Эту ночь Дулеб не забудет до конца жизни.
Дулеб сидел за книгами, которые он взял у каноника Матвея. Книг в Кракове было много, их привозили в приданое русские, чешские и немецкие княжны; здесь были священные книги и хроники о деяниях мира, рукописи драгоценного исполнения, золотое письмо; художественные миниатюры принадлежали к подлинным сокровищам; а Дулебу в его одинокой жизни книги помогали забывать о неутолимой сердечной печали, они давали знания, которые он так охотно и запросто привык добывать еще с малых лет, перед ним проходили земли и люди, он становился свидетелем истории и обычаев, главное же – книги всегда давали необходимое ощущение времени, даже не ощущение, а, скорее, успокоение от времени, потому что время может больно поразить человека, казнить его, мучить: оно то летит с неистовой скоростью, когда бы его остановить или хотя бы придержать, а то вдруг останавливается, умирает навеки; и тогда и ты умираешь вместе с ним и в нем, и нет никакой возможности нарушить эту неподвижность, выбраться из ее мертвоводья.

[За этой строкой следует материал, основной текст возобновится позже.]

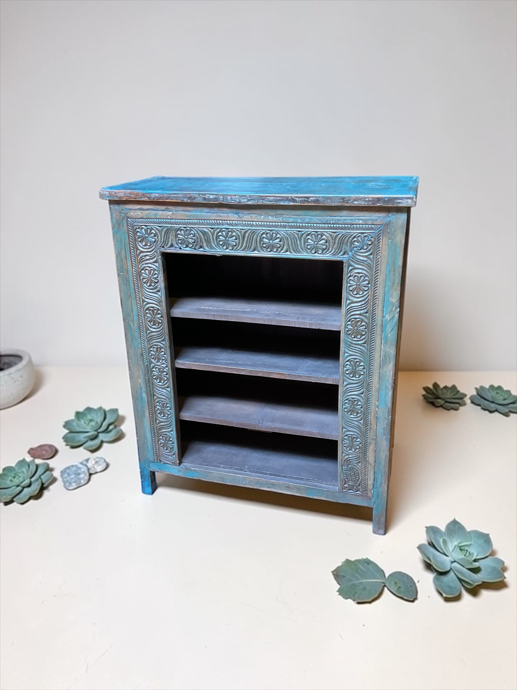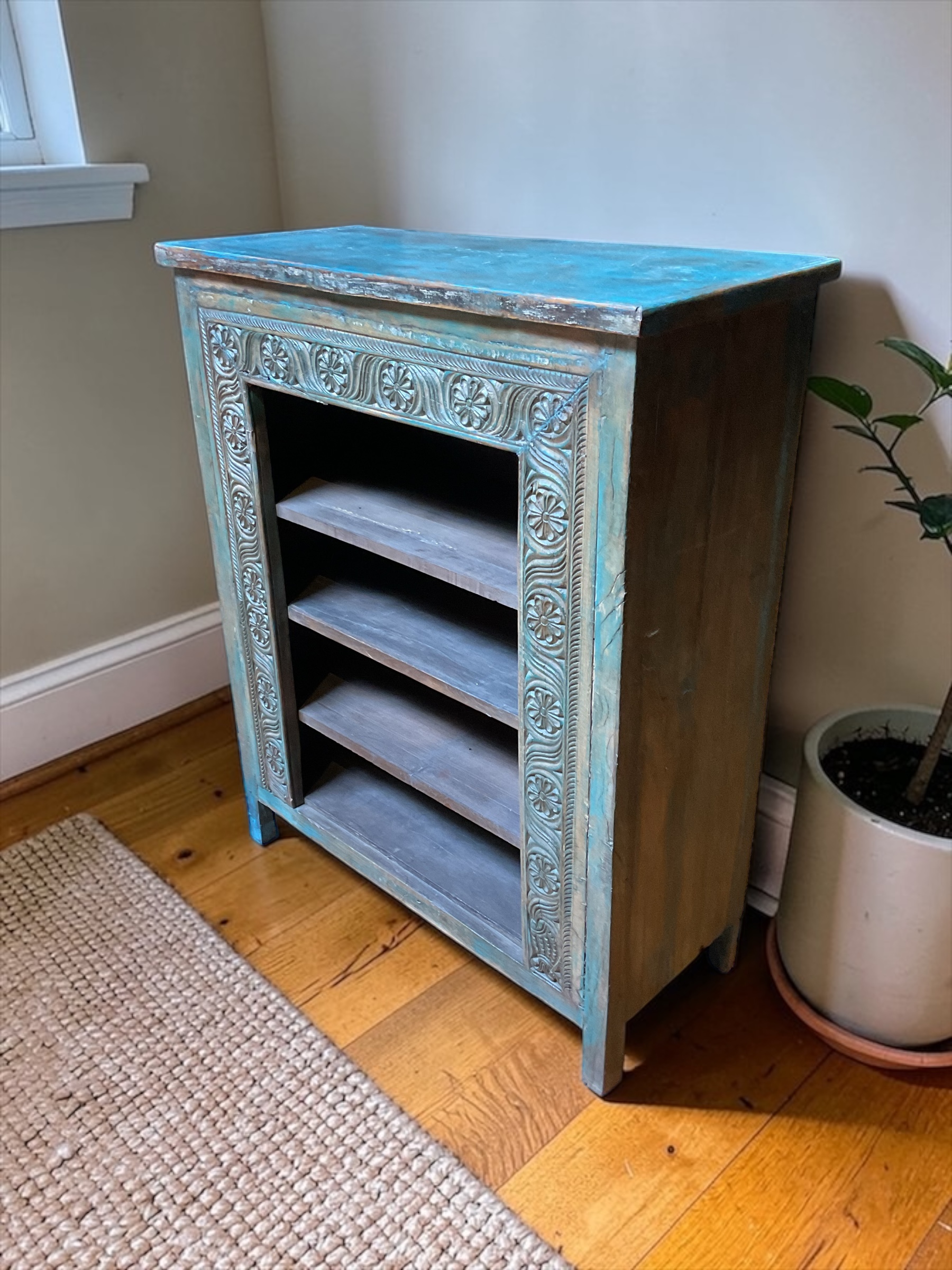 Außergewöhnliches Holzregal mit kunstvoll geschnitztem Rahmen und dekorativen floralen Ornamenten. Die türkisfarbene Oberfläche mit sichtbarer Patina verleiht dem Möbelstück einen besonders authentischen Vintage- und Ethno-Charakter. Die offenen Ablageflächen bieten praktischen Stauraum für Bücher, Dekoration oder Alltagsgegenstände.

Дулеб так углубился в эммерамский кодекс, что ничего не слышал вокруг.
Внезапно строки кодекса засверкали словно бы ярче, будто свет свечи удвоился или утроился. Дулеб в первый миг даже не понял, что произошло, подумал что, быть может, это ему показалось от усталости, и закрыл глаза, но, когда снова посмотрел на страницу книги, ровный свет озарял не только выписанные золотом и киноварью строчки, но и весь простор вокруг Дулеба. Тогда он, крайне встревоженный, оторвался наконец от кодекса, повернул голову чуточку в сторону, взглянул через плечо.
Позади него в длинной ночной сорочке, держа в руке трехсвечник, стояла Мария. Это могло и почудиться, потому что Мария с мужем уже с месяц как уехала в Олбин, где Петрок выстроил себе двор, чтобы быть ближе к своим шленским имениям. Значит, появиться в Кракове боярыня-княгиня, казалось бы, не могла так неожиданно, без свиты, без того стука и грома, которым Власт сопровождал каждый шаг своей повелительницы. Если же и могла она по какой-то неведомой причине прибыть тихо и ночной порой, то как отважилась одна, без сопровождения проникнуть в каморку Дулеба, – она ведь никогда не покидала своих палат без того, чтобы за нею не тянулся хвост прислужниц. А более всего удивлялся Дулеб тому, как неслышно возникла за его спиной Мария.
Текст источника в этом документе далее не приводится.